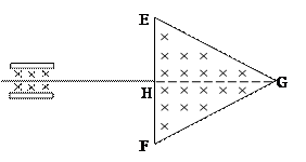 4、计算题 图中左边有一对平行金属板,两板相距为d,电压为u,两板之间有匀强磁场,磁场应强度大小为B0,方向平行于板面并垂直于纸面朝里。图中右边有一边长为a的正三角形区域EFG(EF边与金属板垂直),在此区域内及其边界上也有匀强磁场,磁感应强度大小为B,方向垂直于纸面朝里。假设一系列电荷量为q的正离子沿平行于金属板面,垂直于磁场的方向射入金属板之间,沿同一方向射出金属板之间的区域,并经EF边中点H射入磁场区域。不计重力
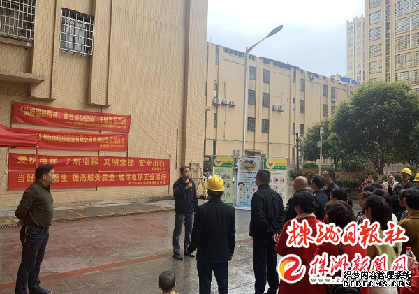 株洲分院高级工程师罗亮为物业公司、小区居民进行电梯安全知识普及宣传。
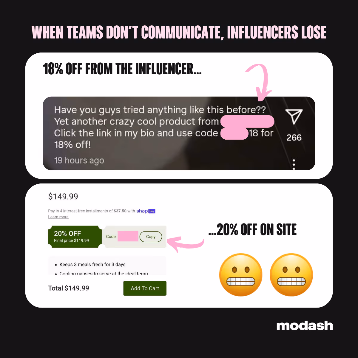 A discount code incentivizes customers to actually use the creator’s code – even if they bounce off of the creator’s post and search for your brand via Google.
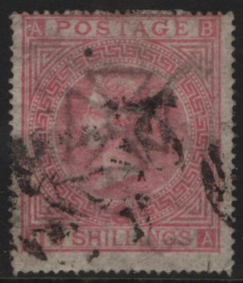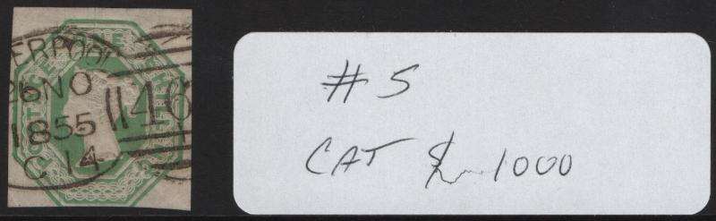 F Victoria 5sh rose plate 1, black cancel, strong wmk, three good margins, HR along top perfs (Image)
════
WHAT IS REQUIRED: The copy must start at the line containing "A discount code" and stop at the last line of the listing, both included, with every line exact and no pictures.

SOLVED EXERCISE:
 A discount code incentivizes customers to actually use the creator’s code – even if they bounce off of the creator’s post and search for your brand via Google.
 F Victoria 5sh rose plate 1, black cancel, strong wmk, three good margins, HR along top perfs (Image)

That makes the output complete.